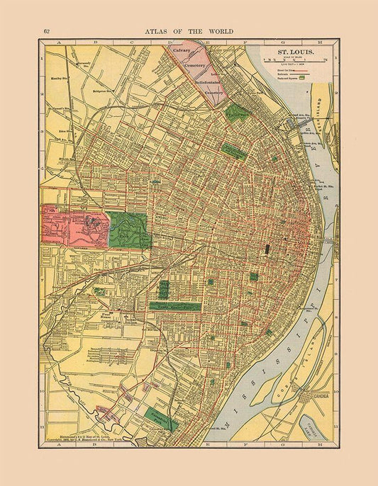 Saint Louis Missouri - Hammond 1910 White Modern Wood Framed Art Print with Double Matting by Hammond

****************

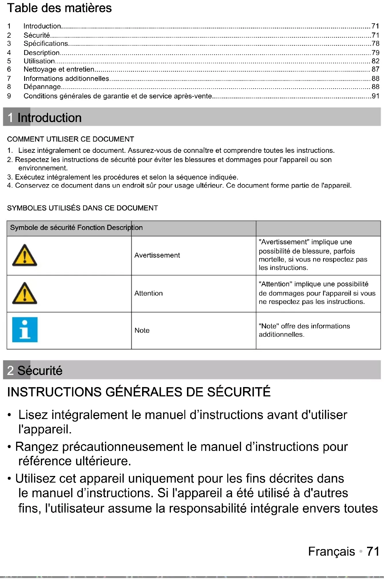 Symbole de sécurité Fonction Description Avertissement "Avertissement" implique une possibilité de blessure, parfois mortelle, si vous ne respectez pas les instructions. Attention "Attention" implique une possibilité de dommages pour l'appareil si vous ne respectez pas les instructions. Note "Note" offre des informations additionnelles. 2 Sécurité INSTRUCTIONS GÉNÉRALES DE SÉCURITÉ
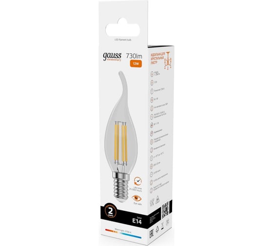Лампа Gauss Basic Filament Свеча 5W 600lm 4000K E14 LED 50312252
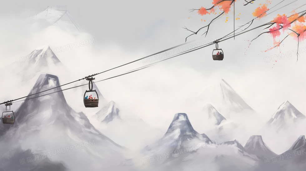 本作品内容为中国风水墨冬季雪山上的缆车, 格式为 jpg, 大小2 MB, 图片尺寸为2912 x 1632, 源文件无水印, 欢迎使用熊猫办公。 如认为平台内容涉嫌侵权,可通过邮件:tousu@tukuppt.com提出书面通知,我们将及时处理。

****************

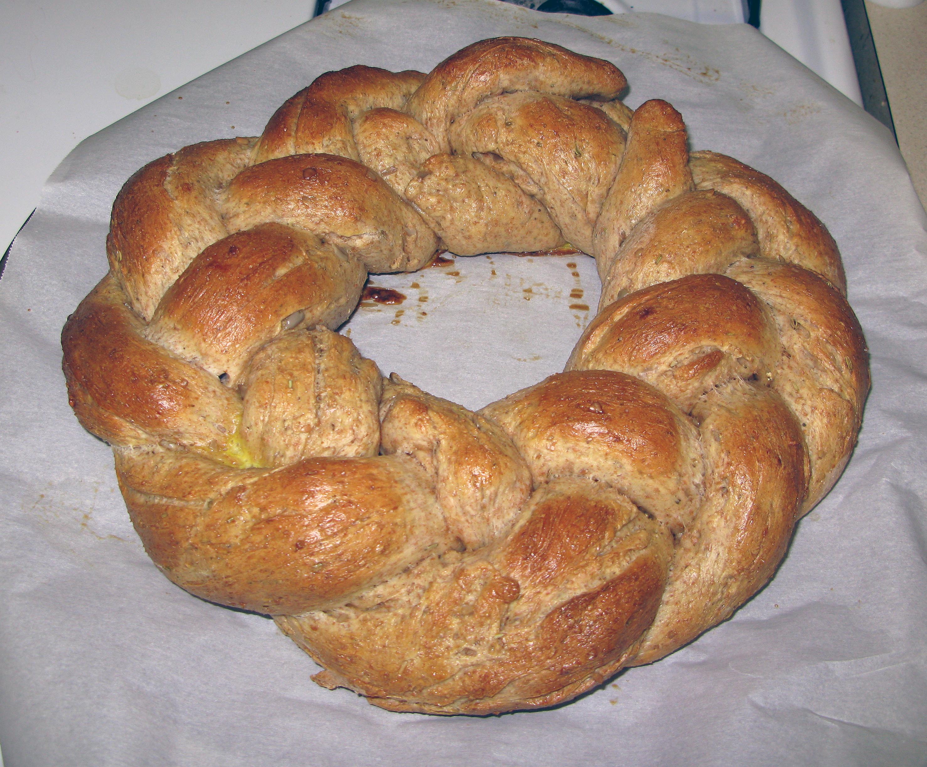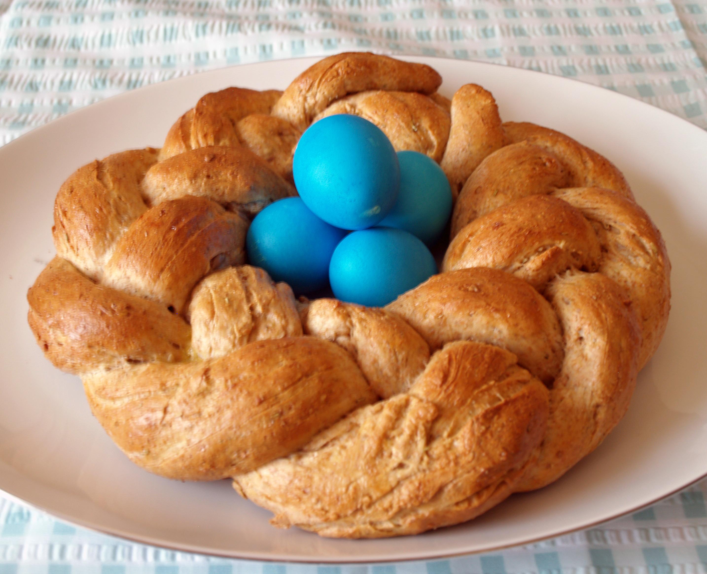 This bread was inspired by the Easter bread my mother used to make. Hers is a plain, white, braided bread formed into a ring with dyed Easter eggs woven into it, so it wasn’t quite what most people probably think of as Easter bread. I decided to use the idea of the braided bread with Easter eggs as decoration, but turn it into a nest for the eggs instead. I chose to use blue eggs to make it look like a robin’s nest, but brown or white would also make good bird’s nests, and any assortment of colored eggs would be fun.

****************

Work to be completed
Reproduce, exactly and only, the lines of the records above starting at the line with "Symbole de sécurité" and ending at the line with "本作品内容为中国风水墨冬季雪山上的缆车, 格式为 jpg, 大小2", both included. Leave every picture out.

Response
 Symbole de sécurité Fonction Description Avertissement "Avertissement" implique une possibilité de blessure, parfois mortelle, si vous ne respectez pas les instructions. Attention "Attention" implique une possibilité de dommages pour l'appareil si vous ne respectez pas les instructions. Note "Note" offre des informations additionnelles. 2 Sécurité INSTRUCTIONS GÉNÉRALES DE SÉCURITÉ
Лампа Gauss Basic Filament Свеча 5W 600lm 4000K E14 LED 50312252
 本作品内容为中国风水墨冬季雪山上的缆车, 格式为 jpg, 大小2 MB, 图片尺寸为2912 x 1632, 源文件无水印, 欢迎使用熊猫办公。 如认为平台内容涉嫌侵权,可通过邮件:tousu@tukuppt.com提出书面通知,我们将及时处理。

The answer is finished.